THE PROBLEM >> Transcribe all of the data exactly. Images stay out.

** COLLECTED DATA follows **

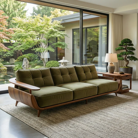 Walnut Frame Sofa with Green Cushions for Mid-Century Modern Living
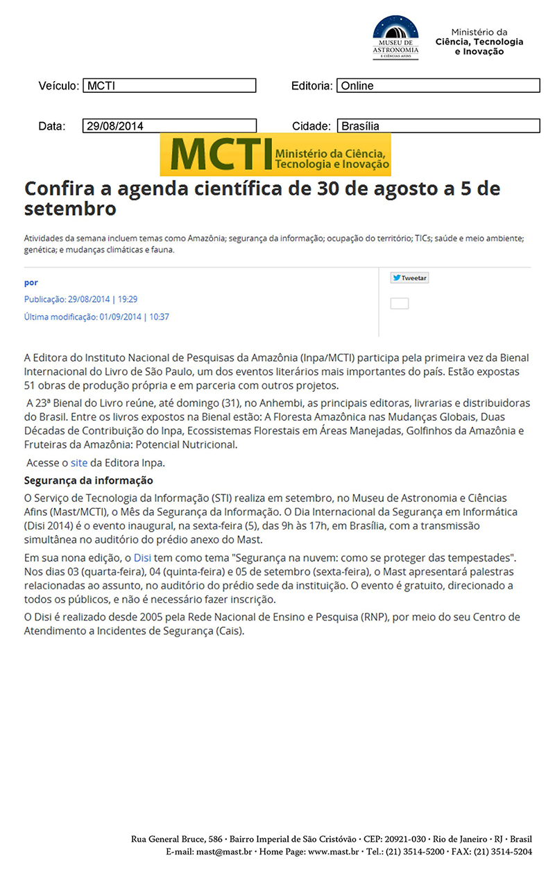 MCTI | Confira a agenda científica de 30 de agosto a 5 de setembro
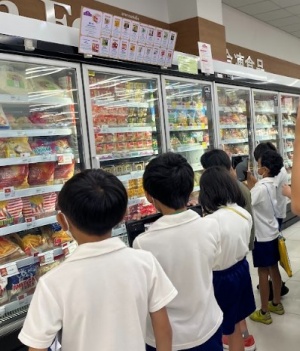 10月24日、校外学習として、マックスバリュー・イオン店に行きました。店長様をはじめ、多くのボランティアスタッフの方々から気持ちよく買い物してもらうための努力をしていると伺いました。普段何気なく利用しているお店では、品物を新鮮な状態で保つための工夫や、商品の並べ方の工夫について学びました。そして、子供たちはスタッフの皆さんのお話を真剣に聞き、積極的に質問するなど学びを深めていました。

** End of COLLECTED DATA **

RESULT OF THIS EXERCISE >>
 Walnut Frame Sofa with Green Cushions for Mid-Century Modern Living
 MCTI | Confira a agenda científica de 30 de agosto a 5 de setembro
 10月24日、校外学習として、マックスバリュー・イオン店に行きました。店長様をはじめ、多くのボランティアスタッフの方々から気持ちよく買い物してもらうための努力をしていると伺いました。普段何気なく利用しているお店では、品物を新鮮な状態で保つための工夫や、商品の並べ方の工夫について学びました。そして、子供たちはスタッフの皆さんのお話を真剣に聞き、積極的に質問するなど学びを深めていました。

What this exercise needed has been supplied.